UV makes these degrade and halves the life of the plastic.
Add about 8 tablespoons of bleach to 300 gallons to make it potable.
Fully cycle and wash about once a month if you don't use all the water.
Freezing is a major issue if you don't store them in a dark side room in your house or underground. If these freeze the whole thing cracks and you're out about 300 gallons of storage capacity.
You can get a harbor freight trailer kit for about $300 and tow strap one of these on the back.

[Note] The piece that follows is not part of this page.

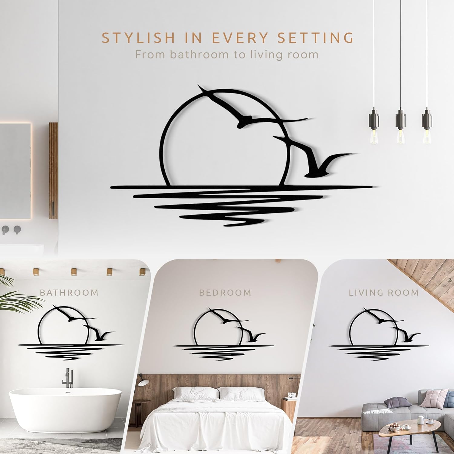 Wita Home Sunset with Seagulls Metal Wall Mounted Art, Handcrafted Metal Home Decor with Static Powder Coating, Eye-Catching Addition to Living Room Decor, Modern Beach Decor for Indoor and Outdoor Spaces, Perfect Housewarming Gift (32 x 16 inches)

Fill from a well or if you need gray water you can source from a lake or something with a 12v pump. or a generator pump if you don't feel like waiting for an hour.
Keep the grey water and potable water tanks separate and labeled.
One of these tanks run about $100~$300 used, only buy used if they have been used for corn syrup or other food products.
Lots of these are used for pesticides. Do not ever buy them.
Chemicals stay in the pores of the plastic forever, you cannot wash the chemicals out.
Always ask the seller what was stored in them or if you can afford it buy them new.
Source: Grew up off-grid and we didn't have a well until about 3 years ago, almost never ran out of water, just filled the reservoirs once a week with a trailer with two of these. Always had water for showers, the farm, cooking, etc. A neighbor would trade well access for some gas for the generator. We had about 7 of these in a side room in the cabin, half for grey water, half for potable water. We also had separate lines for P and GW. If you can get a well. It makes life 10x easier.